--- Requirement ---
Each record should be copied exactly into the answer, and no picture should go with it.

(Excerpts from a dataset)
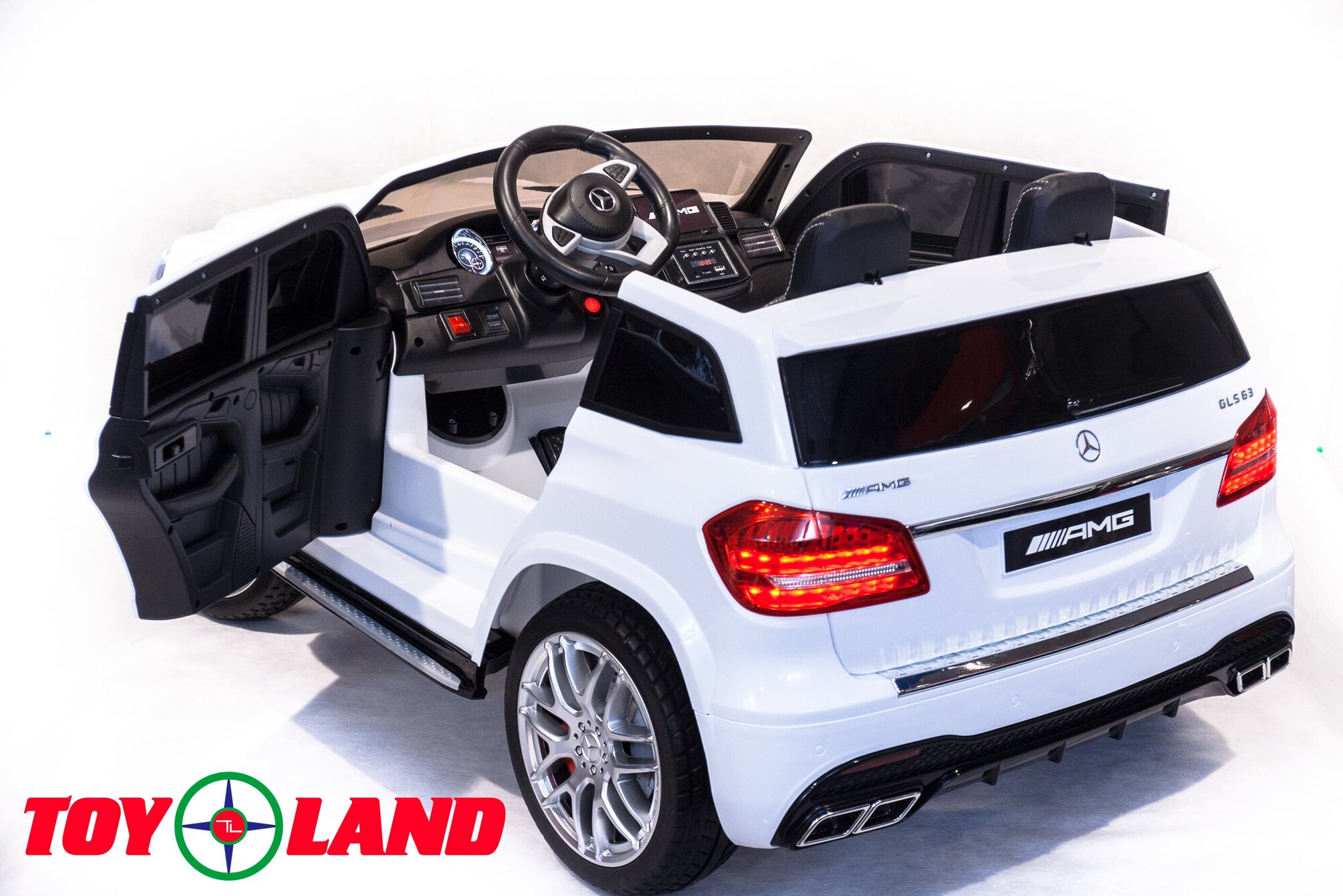 Детский электромобиль Mercedes-Benz GLS63 AMG для детей от 3 лет, двухместный (руль смещен в левую сторону для удобства водителя). Большие полностью резиновые колеса EVA, максимальная нагрузка 35 кг. Аккумулятор 2Х12V/7Ah, четыре двигателя: 4x35W,полный привод 4Х4. Амортизаторы для плавности хода. Максимальная скорость 8 км/ч, 3 скорости вперед, одна скорость движения назад (переключение скоростей - с пульта ДУ или плавный набор скорости с помощью педали). Открываются двери, 2 отдельных кожаных (52 см общая) сиденья с ремнями безопасности. Удобный руль с музыкальными эффектами (кнопка клаксона и проигрывания мелодий). Разъем для подключения MP3, вход для карты SD, вход для USB, встроенный FM-радиоприемник. Светодиодные огни фар и задних сигналов. В комплекте: аккумулятор, зарядное устройство, пульт дистанционного управления (работает по bluetooth, радиус действия до 30 метров).
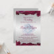 Convites para Casamento de Borgonha e Prata. A frente deste convite está a Burgundy Marble e Silver Accent Border, no topo e no fim do convite de Casamento, com um fundo prateado e um belo rosa no centro do convite. No centro do convite está o convite para participar, evento, pessoa a ser honrada, nomes de noivas e noivos, data e hora, detalhes do local, RSVP e detalhes do Registro escritos em uma mistura de tipografia serif clássica e escrita elegante em forma de letra leve. O fundo do convite é um fundo de prata com a noiva e as iniciais do noivo no centro do convite no isqueiro cor burgundy na frente do convite. Você pode alterar o texto, a disposição, as fontes, as cores, o tamanho e muito mais usando a caixa de tabulação à direita do design, que diz "Personalizar". Perfeito para qualquer época do ano Convite de Casamento. Envie-me o botão abaixo se precisar de ajuda para personalizar este cartão. Observe que só posso modificar antes de comprar, após a compra, ela não pode ser modificada. Obrigado por visitar a loja, mais designs chegando em breve.
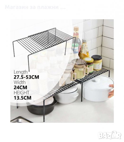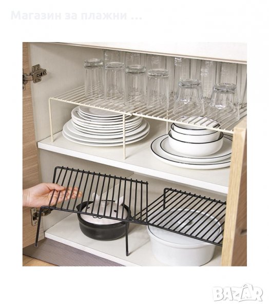 Осигурява допълнително място за съхранение във Вашите шкафове. Идеален за подреждане на чинии, купи и чаши.
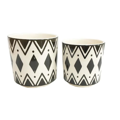 Jogo De 2 Floreiros 15/13Cm Que tal deixar a sua casa repleta de flores e plantas Este jogo contem 2 floreiros de cerâmica é ideal para colocar suas flores deixando o ambiente ainda mais gracioso. A peça proporciona um toque moderno no seu ambiente. Ideal para usar em bancadas, ou como centro de mesa decorando com elegância sua sala de jantar. A embalagem contém 1 Jogo de 2 Floreiros 15/13cm. Ficha técnica Floreiro 15 cm Comprimento: 15 cm Largura: 15 cm Altura: 15 cm Cor: Branco/Preto Material: Cerâmica Floreiro 13 cm Comprimento: 13 cm Largura: 13 cm Altura: 13 cm Cor: Branco/Preto Material: Cerâmica Marca: Fujian Dehua Ean: 7898322101016
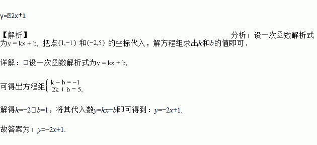 一次函数的图象经过点(1,﹣1)、(﹣2,5),则一次函数的解析式为_____.
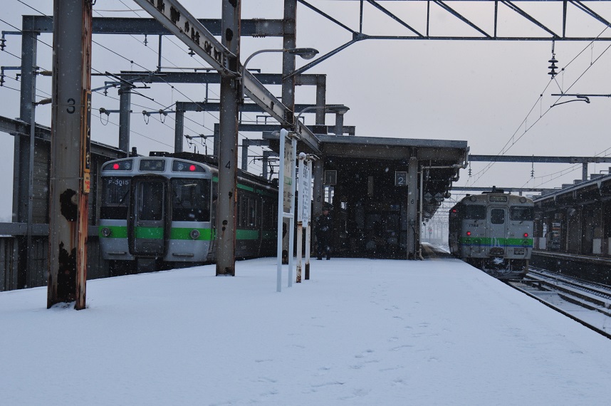 なんとここで711系とご対面。実は岩見沢の駅でもこいつを見かけた。しかし・・・ちんたらしてたらいつの間にか姿を消していた。今度はどこか行く前に確実にカメラに収める。

--- Written solution ---
 Детский электромобиль Mercedes-Benz GLS63 AMG для детей от 3 лет, двухместный (руль смещен в левую сторону для удобства водителя). Большие полностью резиновые колеса EVA, максимальная нагрузка 35 кг. Аккумулятор 2Х12V/7Ah, четыре двигателя: 4x35W,полный привод 4Х4. Амортизаторы для плавности хода. Максимальная скорость 8 км/ч, 3 скорости вперед, одна скорость движения назад (переключение скоростей - с пульта ДУ или плавный набор скорости с помощью педали). Открываются двери, 2 отдельных кожаных (52 см общая) сиденья с ремнями безопасности. Удобный руль с музыкальными эффектами (кнопка клаксона и проигрывания мелодий). Разъем для подключения MP3, вход для карты SD, вход для USB, встроенный FM-радиоприемник. Светодиодные огни фар и задних сигналов. В комплекте: аккумулятор, зарядное устройство, пульт дистанционного управления (работает по bluetooth, радиус действия до 30 метров).
 Convites para Casamento de Borgonha e Prata. A frente deste convite está a Burgundy Marble e Silver Accent Border, no topo e no fim do convite de Casamento, com um fundo prateado e um belo rosa no centro do convite. No centro do convite está o convite para participar, evento, pessoa a ser honrada, nomes de noivas e noivos, data e hora, detalhes do local, RSVP e detalhes do Registro escritos em uma mistura de tipografia serif clássica e escrita elegante em forma de letra leve. O fundo do convite é um fundo de prata com a noiva e as iniciais do noivo no centro do convite no isqueiro cor burgundy na frente do convite. Você pode alterar o texto, a disposição, as fontes, as cores, o tamanho e muito mais usando a caixa de tabulação à direita do design, que diz "Personalizar". Perfeito para qualquer época do ano Convite de Casamento. Envie-me o botão abaixo se precisar de ajuda para personalizar este cartão. Observe que só posso modificar antes de comprar, após a compra, ela não pode ser modificada. Obrigado por visitar a loja, mais designs chegando em breve.
 Осигурява допълнително място за съхранение във Вашите шкафове. Идеален за подреждане на чинии, купи и чаши.
 Jogo De 2 Floreiros 15/13Cm Que tal deixar a sua casa repleta de flores e plantas Este jogo contem 2 floreiros de cerâmica é ideal para colocar suas flores deixando o ambiente ainda mais gracioso. A peça proporciona um toque moderno no seu ambiente. Ideal para usar em bancadas, ou como centro de mesa decorando com elegância sua sala de jantar. A embalagem contém 1 Jogo de 2 Floreiros 15/13cm. Ficha técnica Floreiro 15 cm Comprimento: 15 cm Largura: 15 cm Altura: 15 cm Cor: Branco/Preto Material: Cerâmica Floreiro 13 cm Comprimento: 13 cm Largura: 13 cm Altura: 13 cm Cor: Branco/Preto Material: Cerâmica Marca: Fujian Dehua Ean: 7898322101016
 一次函数的图象经过点(1,﹣1)、(﹣2,5),则一次函数的解析式为_____.
 なんとここで711系とご対面。実は岩見沢の駅でもこいつを見かけた。しかし・・・ちんたらしてたらいつの間にか姿を消していた。今度はどこか行く前に確実にカメラに収める。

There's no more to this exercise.